Accelerating Calibration of Natural State Geothermal Models

Authors:

Elvar K. BJARKASON, Michael J. O'SULLIVAN, John P. O'SULLIVAN, Angus YEH

Key Words:

steady state,inversion,calibration,model sensitivities,adjoint method,TOUGH2,PEST,iTOUGH2

Conference:

Stanford Geothermal Workshop

Year:

2016

Session:

Modeling

Language:

English

Paper Number:

Bjarkason

File Size:

893 KB

View File:

Abstract:

Matching the pre-exploitation or natural state of a geothermal field is often problematic. The natural state is approximated by a steady state, achieved by running a geothermal model forward in time until the system is unchanging. The final simulation time may have to be many millions of years to achieve the goal, and therefore, steady state geothermal model simulations are regularly time-consuming. Furthermore, geothermal steady state models are prone to convergence problems with a steady state not being achieved. These issues may cause the inverse modeling process of matching model results to natural state data to be very time-consuming. We propose a new methodology to aid derivative based inversion of natural state geothermal reservoir models.
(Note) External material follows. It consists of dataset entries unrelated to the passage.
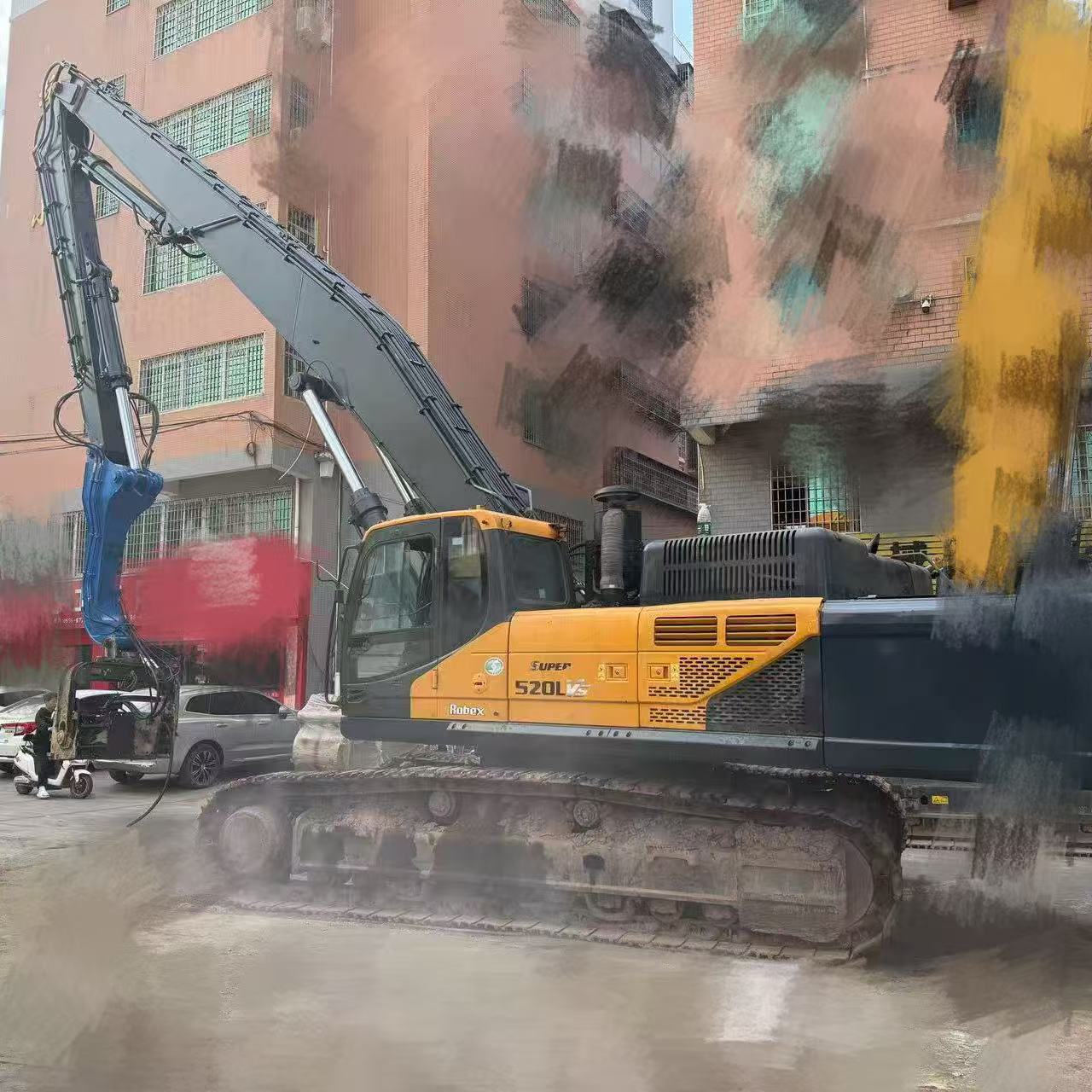 The HD520 Piling Arm Excavator is a heavy-duty solution designed for demanding foundation construction and piling projects.
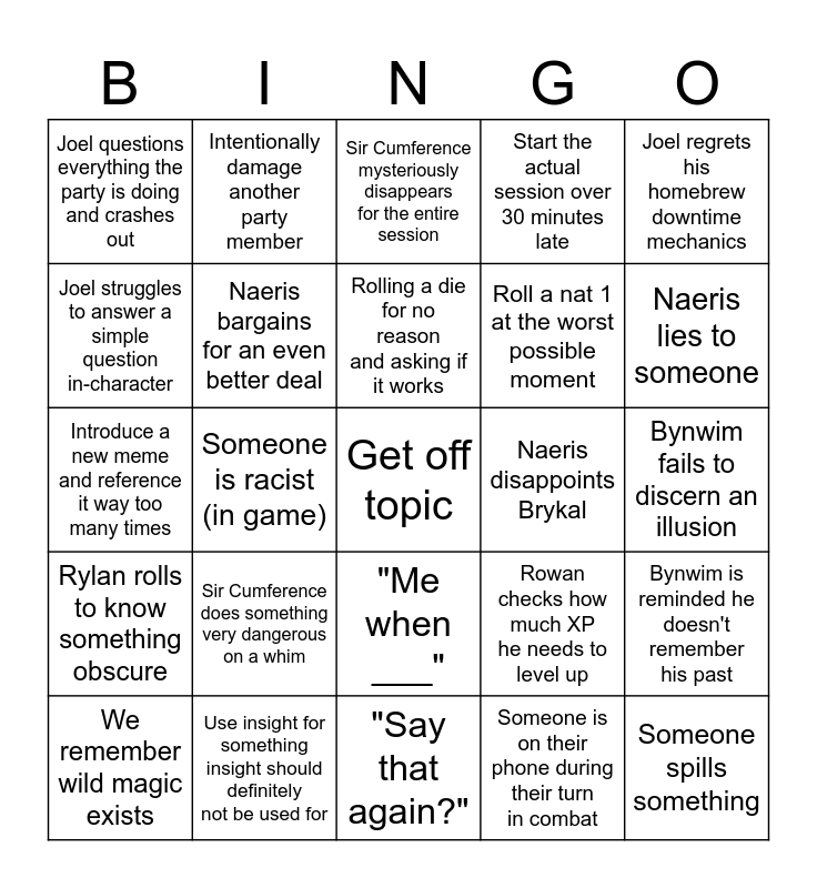 This bingo card has a free space and 24 words: Sir Cumference does something very dangerous on a whim, Use insight for something insight should definitely not be used for, Rolling a die for no reason and asking if it works, We remember wild magic exists, Joel regrets his homebrew downtime mechanics, Joel questions everything the party is doing and crashes out, Joel struggles to answer a simple question in-character, Intentionally damage another party member, Naeris disappoints Brykal, "Me when ___", Roll a nat 1 at the worst possible moment, Introduce a new meme and reference it way too many times, Rowan checks how much XP he needs to level up, Bynwim is reminded he doesn't remember his past, Naeris bargains for an even better deal, Someone is on their phone during their turn in combat, Bynwim fails to discern an illusion, Sir Cumference mysteriously disappears for the entire session, Naeris lies to someone, Someone is racist (in game), Someone spills something, Rylan rolls to know something obscure, Start the actual session over 30 minutes late and "Say that again?".
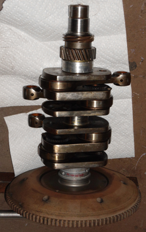 I then checked out the crankshaft. Aside from knowing some of the history, the spec. book does contain information on how to know if the crank is otherwise reuseable (you check the arc proscribed by the rods). Again, it's in fine shape.
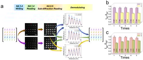 To measure the robustness and number error rate of the sub-diffraction readout method, we wrote a 5 × 5 numbers array by a high NA objective lens with a spacing of 1.5 μm, and read it by a low NA objective lens, as shown in Figure 6a. In the variations in the reflected signal, the primary difference is the peak value change in I00° and I90°. Therefore, we distinguished between 1 and 3 by comparing the ratio of I90° and I00° (I90°/I00°) to 1. As shown in Figure 6b, when the FWHMs of the reflected signals are approximately 1000 nm, and the I90°/I00° = 1.182 ± 0.032 > 1, they can be correctly decoded to 1; or the I90°/I00° = 0.786 ± 0.033 < 1, it is decoded to 3, as shown in Figure 6b. In the same way, as shown in Figure 6c, when the FWHM of the reflected signal is approximately 660 nm, and the I90°/I00° = 1.063 ± 0.045 > 1, it is decoded to 4; or the I90°/I00° = 0.787 ± 0.113 < 1, it is decoded to 5, as shown in Figure 6c. The obvious difference between I90°/I00° and 1 confirms that our method is robust. Therefore, all numbers have been demodulated correctly without any number errors, which verifies that the sub-diffraction readout method is reliable and repeatable.
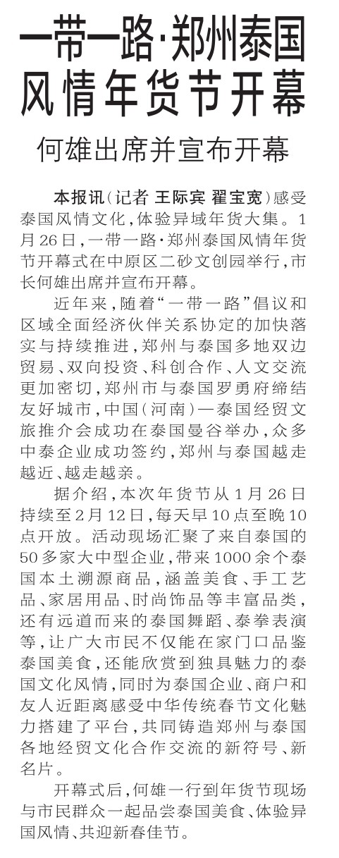 感受泰国风情文化,体验异域年货大集。1月26日,一带一路·郑州泰国风情年货节开幕式在中原区二砂文创园举行,市长何雄出席并宣布开幕。(今日《郑州日报》1版)
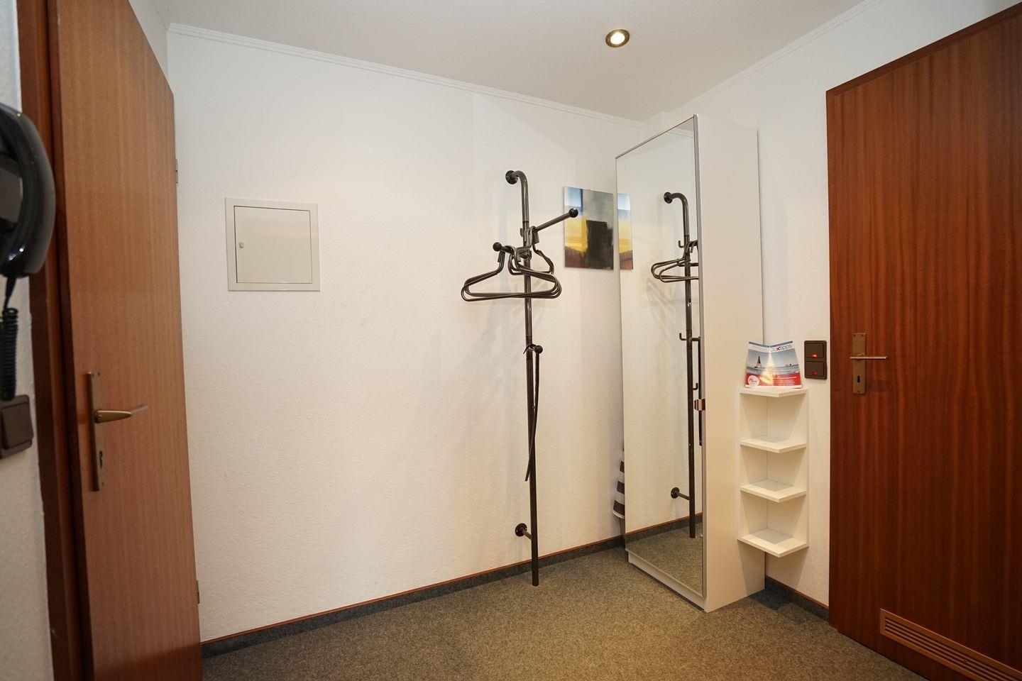 Bad mit Dusche. Flur mit Garderobe und Spiegel.

Model derivatives or sensitivities can be found by running the steady state simulation once and subsequently solving a system of linear equations with the number of right-hand sides determined by either Nm adjustable model parameters or Nd field observations of interest. By contrast, the standard approach for finding model sensitivities is by using finite differencing which requires solving at least Nm+1 nonlinear steady state simulations, each possibly requiring many time-steps. At each time-step the Newton-Raphson solution of the nonlinear equations requires the solution of at least one linear matrix equation making the forward simulations and therefore the inversion computationally intensive. The paper compares these approaches for synthetic steady state inversion problems, using TOUGH2 as the forward simulator. The results show the new methods to be superior to finite differencing in terms of computational time and resources.